Would you please transcribe the data in full and exactly, excluding images?

Input data:
[Start of section]
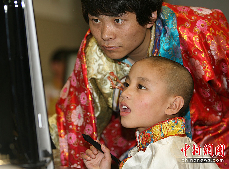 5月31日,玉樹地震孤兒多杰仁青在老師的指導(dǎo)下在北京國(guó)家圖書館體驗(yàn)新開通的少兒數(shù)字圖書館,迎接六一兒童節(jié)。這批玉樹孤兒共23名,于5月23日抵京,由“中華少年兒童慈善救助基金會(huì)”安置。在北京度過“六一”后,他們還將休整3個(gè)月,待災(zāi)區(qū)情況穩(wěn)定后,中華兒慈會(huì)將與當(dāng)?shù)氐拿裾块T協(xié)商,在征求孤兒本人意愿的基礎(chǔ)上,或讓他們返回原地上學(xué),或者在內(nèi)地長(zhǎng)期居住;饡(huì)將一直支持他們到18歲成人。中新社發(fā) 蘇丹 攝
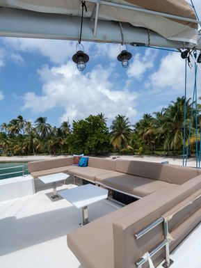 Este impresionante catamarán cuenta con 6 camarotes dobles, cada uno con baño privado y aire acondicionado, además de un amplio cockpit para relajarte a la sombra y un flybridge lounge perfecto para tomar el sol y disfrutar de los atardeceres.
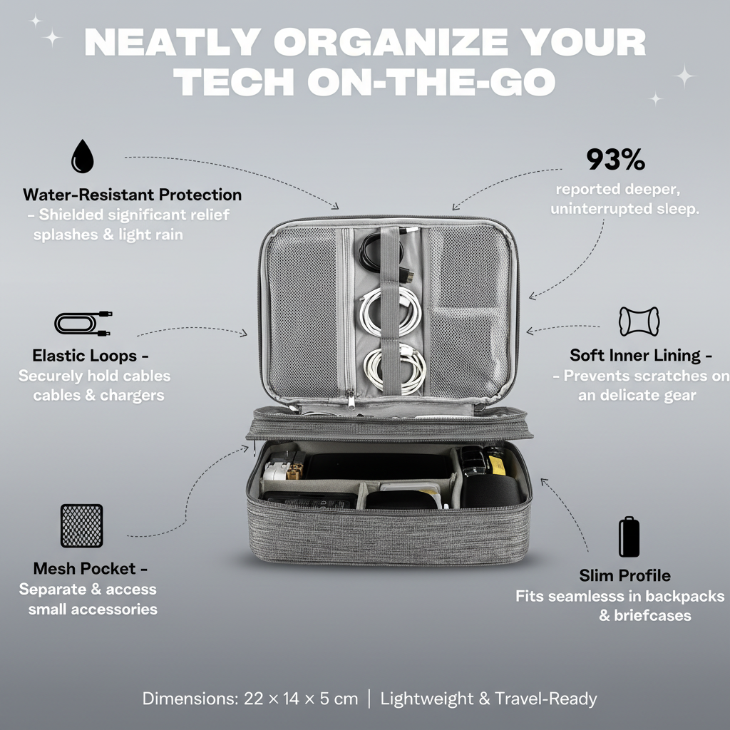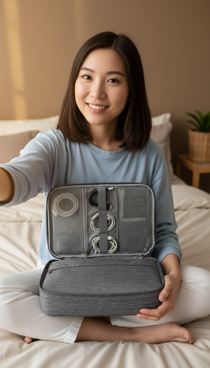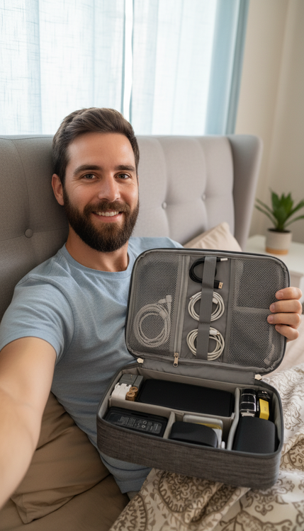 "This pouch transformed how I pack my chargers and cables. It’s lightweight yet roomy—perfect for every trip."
[End of section]
Reply to the exercise:
 5月31日,玉樹地震孤兒多杰仁青在老師的指導(dǎo)下在北京國(guó)家圖書館體驗(yàn)新開通的少兒數(shù)字圖書館,迎接六一兒童節(jié)。這批玉樹孤兒共23名,于5月23日抵京,由“中華少年兒童慈善救助基金會(huì)”安置。在北京度過“六一”后,他們還將休整3個(gè)月,待災(zāi)區(qū)情況穩(wěn)定后,中華兒慈會(huì)將與當(dāng)?shù)氐拿裾块T協(xié)商,在征求孤兒本人意愿的基礎(chǔ)上,或讓他們返回原地上學(xué),或者在內(nèi)地長(zhǎng)期居住;饡(huì)將一直支持他們到18歲成人。中新社發(fā) 蘇丹 攝
 Este impresionante catamarán cuenta con 6 camarotes dobles, cada uno con baño privado y aire acondicionado, además de un amplio cockpit para relajarte a la sombra y un flybridge lounge perfecto para tomar el sol y disfrutar de los atardeceres.
 "This pouch transformed how I pack my chargers and cables. It’s lightweight yet roomy—perfect for every trip."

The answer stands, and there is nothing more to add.